MINHA CRIANÇA SEMPRE VIVA! PRA QUÊ?
30/12/2014
A ideia era acordar e escrever sobre a tragédia que foram os dois assaltos que sofremos há uns anos, na antiga casa de onde nos mudamos, completamente assustados. O assunto tem surgido meio enviesado, por conta de uma ou outra charla com amigos e filhos, e eu vinha tendo necessidade de fazer desaguar as marcas desse acontecimento de memória tão pesada. Até andava insatisfeita comigo mesma por nunca me lembrar do ocorrido, a me julgar uma pessoa indiferente, como se a própria história não me houvesse deixado marcas. Como fico tempos e tempos sem nem me recordar de fato tão violento e marcante? Seria por aí, acreditava, mais cedo, a tônica da conversa a ser posta em letras...
Mas, a vida, como lhe é intrínseco, independente de cada um de nós, se fez presente cruamente, com sua autonomia e traço.
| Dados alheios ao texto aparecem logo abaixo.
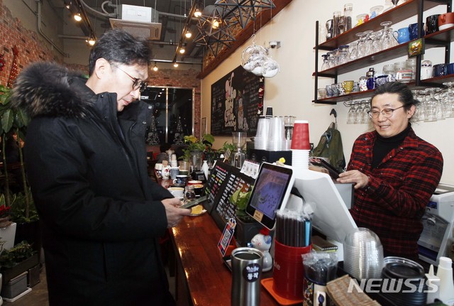 【서울=뉴시스】25일 이창우 동작구청장이 서울 동작구 상도동 한 커피전문점을 찾아 휴대폰을 이용, 소상공인을 위한 결재수수료 제로인 제로페이로 결제하고 있다. 2019.01.25. (사진=동작구 제공)

Traço que tanto poderia ter a suavidade de um afago em nossa face quanto uma agressividade descomunal a provocar cicatrizes perenes. Como foi o caso, enquanto eu supunha realizar coisas ligadas ao mundo de palavras regeneradoras... Mais ingênua, impossível! Uma menina!
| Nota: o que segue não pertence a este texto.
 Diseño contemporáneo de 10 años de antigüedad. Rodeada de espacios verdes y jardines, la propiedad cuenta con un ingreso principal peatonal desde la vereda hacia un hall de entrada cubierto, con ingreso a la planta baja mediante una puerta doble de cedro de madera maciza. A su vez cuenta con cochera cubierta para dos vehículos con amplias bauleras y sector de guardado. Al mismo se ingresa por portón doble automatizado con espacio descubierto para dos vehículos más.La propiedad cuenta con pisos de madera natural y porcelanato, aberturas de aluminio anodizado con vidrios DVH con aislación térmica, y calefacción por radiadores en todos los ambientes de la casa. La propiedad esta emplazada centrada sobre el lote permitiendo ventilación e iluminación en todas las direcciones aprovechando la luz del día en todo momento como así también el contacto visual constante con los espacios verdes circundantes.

Mal me levanto, venho a saber da perda de uma vida infantil, iniciante, a custar o desespero e a pena de adultos que lhe cercavam, e isso me toma por completo, me desviando de minha – agora percebida assim – irrelevante intenção para dar a partida para o meu dia. Assaltos tidos como tragédia? Régua torta, quebrada, inútil, essa, que mediu desse jeito os efeitos daquelas noites de abril de pouco mais de uma década atrás! Como estava enganada em minha medição das coisas, meu Deus! Como dimensionei mal a força daquele fato antigo que nos deixou a salvo, a mim e a meus filhos, apesar da violência empregada! Perdas materiais? Recomeço? Essa aritmética traz resultados enganosos que não sobrevivem, por certo, a uma banal prova dos 9! O trágico reduziu-se a uma ocorrência totalmente secundária. Tudo é mesmo relativo. Tudo mesmo, sejam quais forem as dores acumuladas pela vida afora, e de qualquer tipo! Tudo cessou! Tudo perdeu tamanho diante da notícia que me chega de Campos. Uma menininha morta numa piscina!
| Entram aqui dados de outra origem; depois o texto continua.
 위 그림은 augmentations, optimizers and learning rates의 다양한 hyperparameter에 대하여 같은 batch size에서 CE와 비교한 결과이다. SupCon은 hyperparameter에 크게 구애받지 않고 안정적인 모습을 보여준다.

Por que fatos assim precisam acontecer para cada um se dobrar à sua insignificância? Fato coisa nenhuma! Fato tem data, circunstância, sujeitos. Tudo objetivamente definido. Essa tragédia não é desse tipo, ela é daqui para a frente, teve data apenas para ter início! É marca para todo o sempre. Dores desse tido me são velhas conhecidas. Aos 15 anos, comecei a perder irmãos, já falei disso aqui.
Qual o sentido de tamanha dor?
Imobilizada, volto a minha infância, à fase de uma consciência totalmente ingênua. Entendendo que nada posso fazer, que a dor está posta e que, diante dela, sou total e absolutamente incapaz, fico a imaginar ações sem sentido ou eficiência, seja para o que for (não reparem na série de infantilidades, coisa de criança mesmo, que eu, menina mesmo por instantes, não me envergonho de contar): não comer nem doces diet em sacrifício para que a família suporte melhor a sua perda; não entrar na piscina por um tempo, eu que ontem mesmo fiquei horas e horas com Luna aproveitando a delícia da água para combater o intenso calor de Niterói; não fazer a minha sesta depois do almoço por algum tempo; não fazer isso ou aquilo, ..., uma série de inutilidades, sem nenhum efeito prático em torno do que sucedeu...; bem ao modo de quem apela para o pensamento mágico na impossibilidade de ter a Ciência a seu favor, pelo que a mesma não oferece para atenuar as dores da alma. Só bobagens! Só criancices! Só arremedos do que ficou dos meus tempos de menina católica que fazia promessas em prol da obtenção de alguma graça a ser obtida. Sempre fica um pouco de perfume nas mãos daqueles que oferecem flores? Pois é, das nossas antigas crenças também.
Volto à razão e tenho mesmo é que enfrentar a crueza dos fatos e seus determinantes. Nada disso é nada! Nada disso muda nada! Não sei, nada sei, nada obtenho com nada que vier a inventar. Só percebo meus limites, minha total nulidade ante o que sucedeu.
Cheguei a esta vida, por ela passo, usufruindo seus momentos e dela partirei sem ter a mínima ideia de por onde passa a fonte primeira de sua trama. Diabólica, às vezes. Que horror!